Но, как принято издавна незыблемыми правилами крестьянской вежливости, осведомился он поначалу обо мне. Куда путь держу и, если не секрет, по какой специальности работаю. Я ответил, что еду на Кубань к родным. Работаю в Москве, в университете. Преподаю литературу.

— Важкый ваш хлиб, — посочувствовал простодушно. — Молодежь в люди выводить…

Поинтересовался, дали ли мне «казенную квартиру».

— А це ж, мабудь, ваши жинка и сыночек?.. — спросил доброжелательно.

Я подтвердил, что верно, едут со мной жена и сын. Только после этого он посчитал возможным представиться:

— Опанас Иванович.

Я в свою очередь назвал себя, жену, сына.
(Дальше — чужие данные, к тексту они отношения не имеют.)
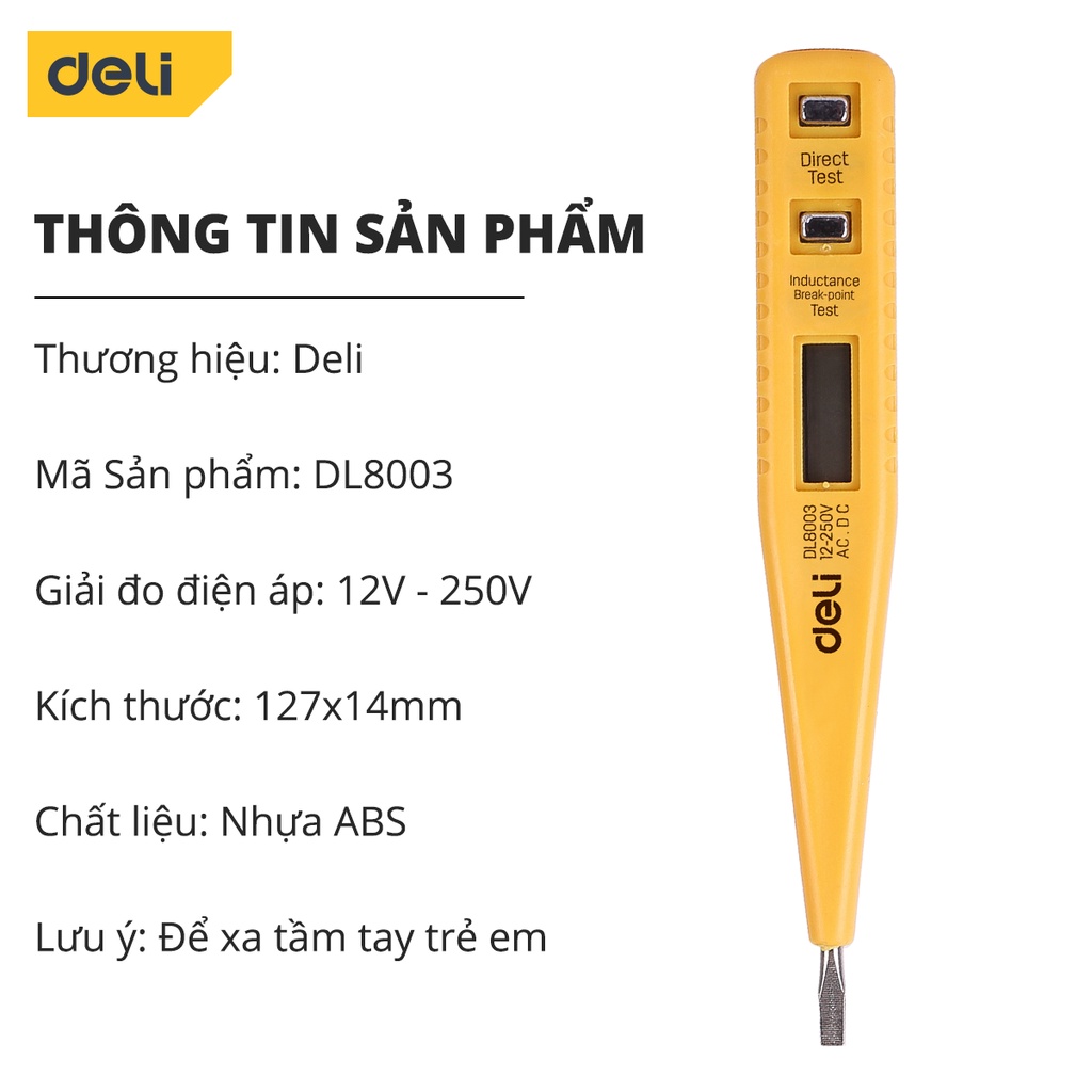 Nhà cửa & Đời sống > Dụng cụ & Thiết bị tiện ích > Dụng cụ > Khác || Bút Thử Điện Deli Chính Hãng 12-250V - Màn Hình Hiển Thị LED Kỹ Thuật Số Thuận Tiện - Vỏ Bút An Toàn - DL8005 / EDL8003Còn hàng
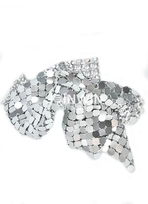 Aluminum sequin fabric is made of the flexible aluminum flakes. There are different flakes diameters, 3mm, 4mm, 6mm, 8mm, 10mm.It can be divided into two distinct applications, as clothing design and as metal curtains used in interior decoration.It is a very wonderful product, and we hope to bring you more design inspiration, and constantly open up new application ideas. It has more features such as smooth surface, various colors are available, fashion design, shiny and bright. Regardless of the applications, it can be easily installed or fixed into different shapes for splendid decorative effect.
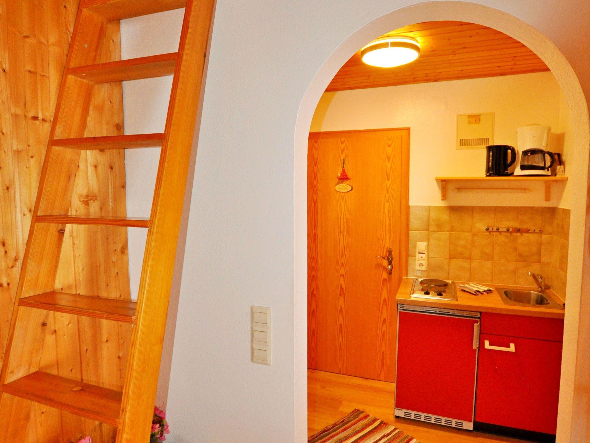gemütlich eingerichtetes Appartement (34 m²) mit kombiniertem Wohn-Schlafraum (Doppelbett + Einzelbett) und Matratzenlager im Dachgiebel (gerade für Kinder ein Highlight). Kleine Kochgelegenheit (mit Kühlschrank), Essecke, Bad mit Dusche, WC, großem Spiegel und Fön, Sat-TV, Direktwahl-Telefon, Radio, Wandsafe und großem Balkon.
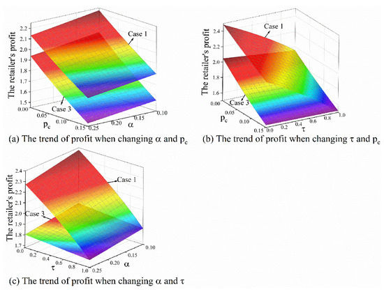 The retailer’s profits in case 1 and case 3 are compared in Figure 12. We observe that the retailer’s profits decrease when the permit price, the quota obligation, and the consumer’s environmental awareness increase. If the consumer’s environmental awareness is , the retailer’s profits in case 1 are larger than the profits in case 3 under different levels of and . Nevertheless, the retailer’s profits in case 1 are very sensitive to environmental awareness. In Figure 12c, when the consumer’s environmental awareness rises from 0 to 1, the retailer’s profits in case 1 decrease about 0.52 CNY to 0.55 CNY. If the consumer’s environmental awareness is , the retailer’s profits in case 1 are identical with the profits in case 3.
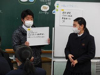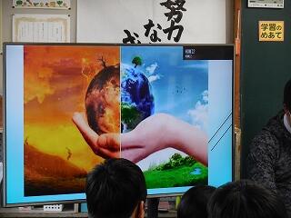 (下、1時間目の研究授業の様子、これまでの理科の授業を通して、地球環境について考え、これから自分がとるべき行動について考えさせる授業でした)
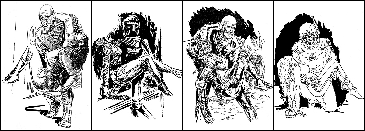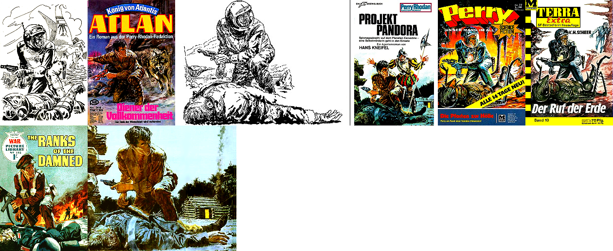 gleiche Körperhaltung 2 nur kniender Mann, 5 und 6 gleiches Bild mit überarbeitetem Hintergrund, alle Nachzeichnung von 8 |
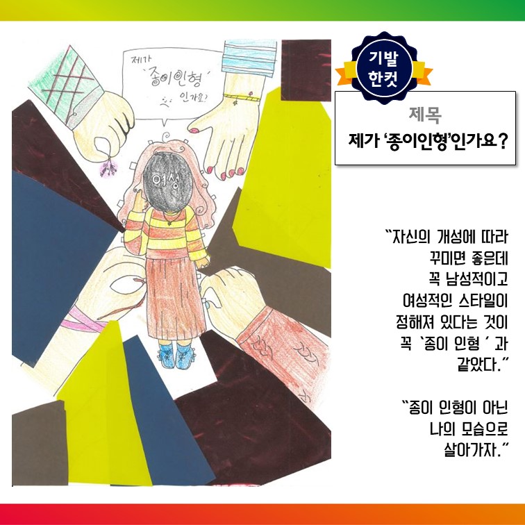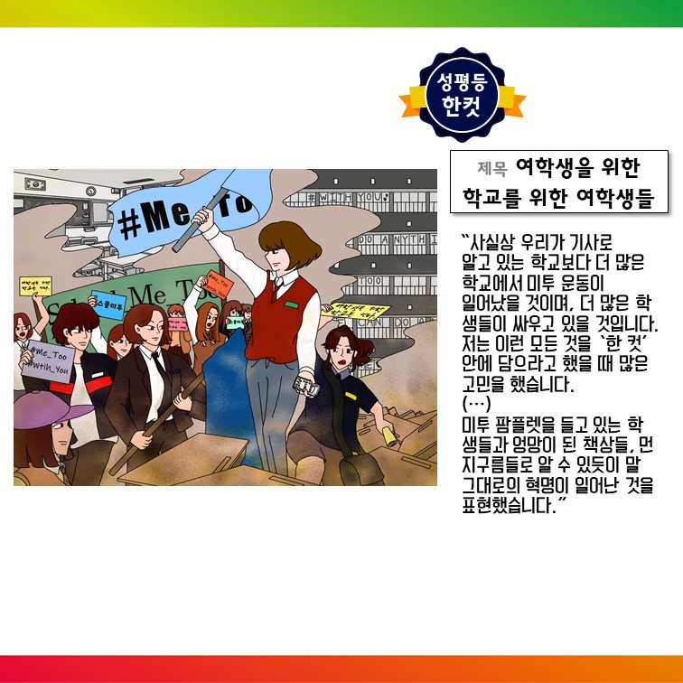 아래는 치열한 심사과정을 거쳐 2019 성평등한컷 공모전 수상작으로 선정된 7컷과 작가의 설명이다.

Опанас Иванович, чтобы пожать мне руку, неловко перекинул пиджак с правой руки на левую. На отвороте его новенького серого пиджака неожиданно блеснула Золотая Звезда и под ней орден Ленина.

Я тут же и спросил его об этой награде.

— Ото ж то и оно, шо награда, та як бы ж вы знали, яка награда, — обрадовался Опанас Иванович.

И начал рассказывать:

— Вернулся я с войны в сорок пятом, в конце. Село наше разбитое було, жинка из саману злипыла мазаночку, так и жили. Прийнявся я за хозяйство, вы знаете, мабудь, яке життя у нас, колхозников, було после войны: и голодали, и пухли, и на себе боронили… Но я до работы справный, та и огородом держались. А потом и в колхозе стали выдавать на трудодни и пшеничку и гроши. Полегшало.

И от було диты меня спрашивают, у меня дочка и двое сынов: а де ж ваши награды, тату? Воевали, воевали, а наград никаких нема. Верно, говорю, воевал, а награды нема. Ходят десь мои награды, шуткую, нияк меня не найдут. А воно ж як було: из госпиталя в запасной полк, из полка на передовую, прямо в бой, из боя через день-два снова в госпиталь удостоився. Ось який перпетуум-мобиле у меня получався. Последний раз под самым Берлином угостили меня фашисты. Под самый праздник попало, под Первое мая.

Военком, як я вернулся, заполнял на меня награду. «Отечественную войну» обещал, говорив, как же так, всю войну провоевал, три тяжелых ранения и легких сколько, должна выйти мне награда… Та, видно, десь застряла, до меня знов не дошла.

А в этом году, заметь, под Первое мая, вызывают меня в область, до самого военкома. Ничего, приятный такой полковник, поставил меня по стойке «смирно», сам так же стал и говорит, так и так, «еще в 1943 году вы удостоены звания Героя Советского Союза с вручением вам ордена Ленина и Золотой Звезды».